I read your post with great interest as I am trying to link a Google spreadsheet to Excel. I am able to open the link in Excel via the Web. However, I have been trying to create a power query which would enable me to edit the data in Excel without overwriting the data when the sheet is refreshed with new rows. I tried to follow your instructions but have not succeeded. What I have done is open the sheet via the Web. Then in following your instructions I just don’t know whether the original table or appended query should be loaded or not. And which table should actually have the additional column DateTime to remove duplicates. i sincerely hope you’ll have patience with me – I am a bit desperate after two days of trying all kinds of possibilities. Thank you in advance.
Hi Alice,
sorry to hear that it doesn’t work for you. Please check this video: https://www.youtube.com/watch?v=xDVUUcbX13g
Cheers, Imke
I was not able to use the R code which you posted, I received an error which told me that something was wrong with my installation of gdata. What am I doing wrong here?
Hi Christopher,
you can find another version of the R-export that doesn’t require the gdata-package here: https://github.com/ImkeF/M/blob/master/LibraryR/Table.ExportToCsv.pq
Pingback: Incremental Refresh For Cloud Data Sources in Power BI Service (Pro) | Excel Inside
I am trying to use the code above, but I am getting an error due to the ‘;’ character which prevents me from using the column.names=FALSE command.

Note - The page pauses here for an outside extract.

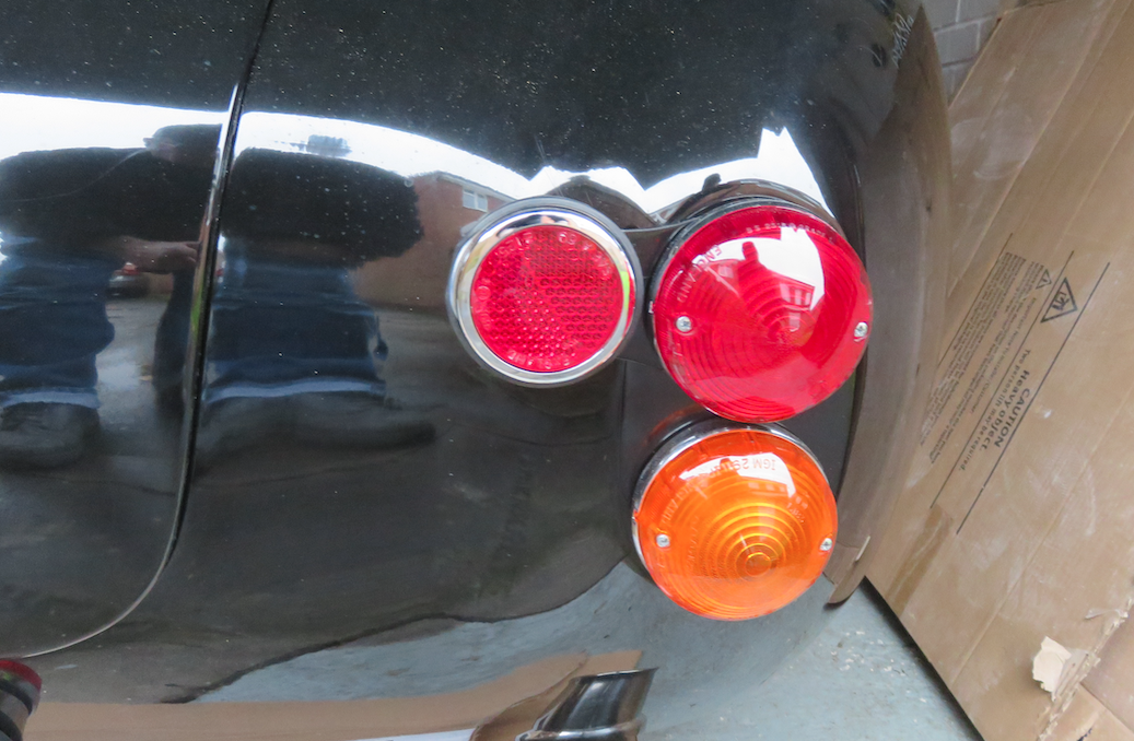 Rear reflectors are a requirement for IVA, but I decided not to drill the bodywork and interfere with the gelcoat, primarily because I couldn’t decide where to put them. So I mounted them on a couple of aluminium brackets (painted black), and they were secured using the brake lights as a pressure-fixing point… And I have to admit, they also look quite neat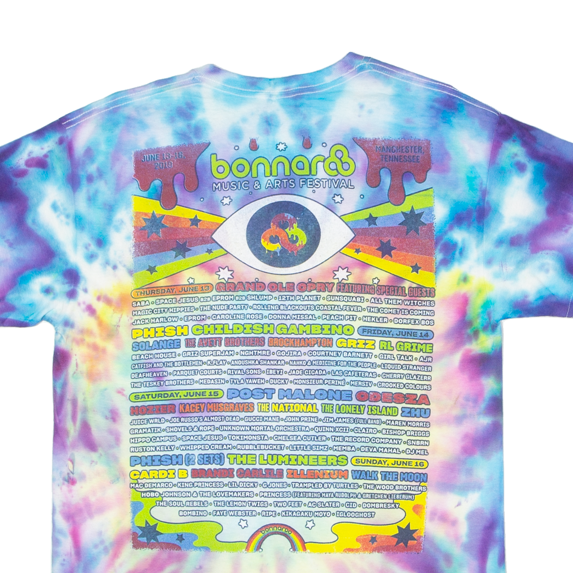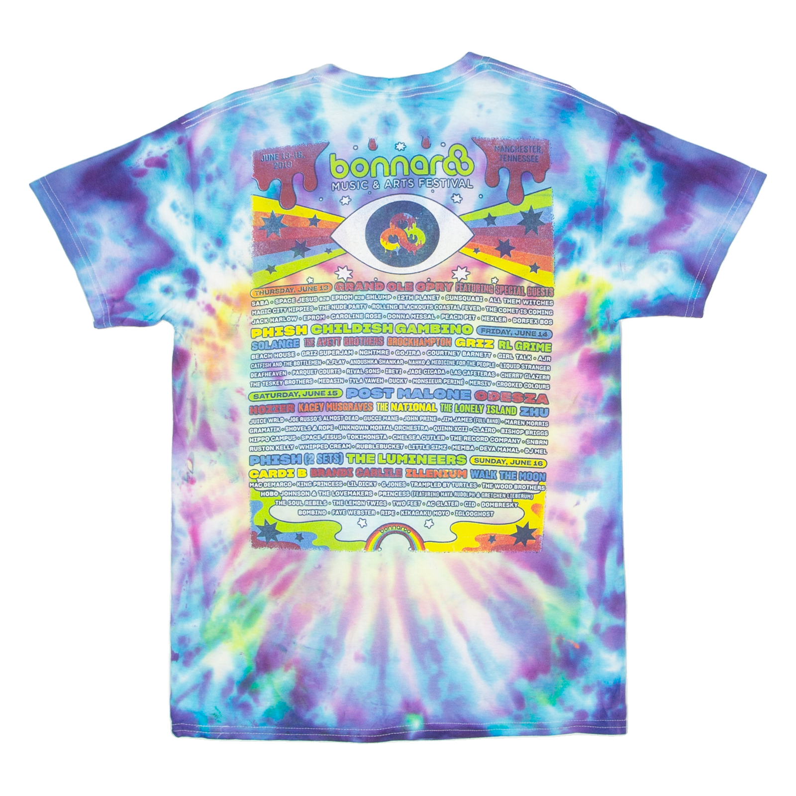 GILDAN 2019 Bonnaroo Music And Arts Festival Mens Tie Dye T-Shirt Blue USA M

I suspect this is why, when I eliminate said command, my CSV file merges the columns as well. Any help would be much appreciated.
Oh, that’s an error: Have replaced the “;” by “,”
Hi Admin,
This is the functionality I’m looking for.But it’s difficult to create the same on myvown.Im trying to create similar load log but looking not able to follow all the steps you mentioned.Esspecially where to created the R_script and append queries Can you please create a detailed video or document.That will help
Hi Anil,
yes, that’s not the easiest task. You can find a little video here: https://www.youtube.com/watch?v=xDVUUcbX13g&t=1s
Please also check out the other articles that I’ve referenced at the end of the blogpost.
/Imke
Hi Admin,
Is it possible to do it in PowerBi using Power Query instead of using R or Python. Am getting cyclic reference error in PowerQuery for PowerBI.